Se dal Medio Oriente ci spostiamo in Estremo Oriente o in Sudamerica o nei paesi resi "liberi" dal crollo dell’Unione Sovietica alle donne che vogliono non dico emanciparsi, ma sfuggire allo stato di indigenza a cui le costringono le condizioni di estrema povertà, non resta che affidare i figli alle nonne e migrare nei paesi ricchi per ritrovare, nel mondo dell’opulenza, quelle condizioni disagiate d’esistenza che le ammassa in gran numero in poveri locali per dormire la notte e distribuirsi di giorno in case dove ci sono vecchi da assistere, bambini altrui da curare o cose da riassettare. Affetti, sentimenti, memorie, rimpianti, futuri immaginati e sognati sono tutti vissuti da sradicare, per poter reggere nella nostra cultura dove il denaro è diventato l’unico generatore simbolico di tutti i valori.
E questo appena descritto è ancora uno scenario tutto sommato gratificante rispetto alle condizioni di prostituzione o di schiavitù a cui sono, prima ingannate, e poi costrette molte giovani donne che per un sogno di vita trascorrono le loro notti sui marciapiedi delle nostre periferie o nel chiuso di capannoni clandestini dove dormono, mangiano e lavorano, sostenute dalla vana speranza di potersi un giorno emancipare.

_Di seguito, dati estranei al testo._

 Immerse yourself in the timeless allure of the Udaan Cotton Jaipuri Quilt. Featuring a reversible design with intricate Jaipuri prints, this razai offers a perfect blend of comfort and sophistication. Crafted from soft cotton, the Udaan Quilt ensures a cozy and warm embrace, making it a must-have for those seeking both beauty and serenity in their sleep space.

E da noi? Da noi tutto ciò accade sotto la falsa sembianza di una maggior eleganza che non sottrae la donna al regime della sottomissione o comunque della dipendenza, se non sempre economica, quasi sempre psicologica dalla figura maschile. E questo perché mentre il maschio nella sua povertà psicologica è solitamente una "identità" che instaura relazioni, per lo più in ambito maschile dove continua a giocare alla guerra nella forma della competizione, o al sesso nella forma dell’occasionale seduzione, la donna è tendenzialmente "relazione" da cui ricava il suo riconoscimento e quindi la sua identità.
Il due (la relazione) è il costitutivo del femminile. Ciò che consente alla donna di prendersi cura dei figli secondo modalità sconosciute all’uomo e di sedurre gli uomini con forme di fascinazione sorprendenti, se appena gli uomini fossero in grado di sollevare il proprio sguardo oltre la dimensione sessuale a cui si limitano a causa della loro povertà psichica.

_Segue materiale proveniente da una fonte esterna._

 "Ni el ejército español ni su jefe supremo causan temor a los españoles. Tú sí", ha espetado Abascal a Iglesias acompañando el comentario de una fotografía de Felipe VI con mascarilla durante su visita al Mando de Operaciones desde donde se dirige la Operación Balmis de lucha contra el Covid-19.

Come può avvenire un riscatto della donna? Non con processi di emancipazione sociale, economica, giuridica peraltro auspicabili e utili. Non con una rivendicazione di uguaglianza che da noi significa imitazione dello stile di vita maschile, con progressiva negazione della specificità femminile fatta salva la seduzione sessuale, ma con una maturazione antropologica che si verificherà quando, esausti dall’affermazione della loro identità e dagli sforzi richiesti per confermarla, gli uomini incominceranno ad accorgersi che la gioia, la felicità nascono dalla relazione, di cui la donna è per natura la gelosa custode o la misconosciuta interprete.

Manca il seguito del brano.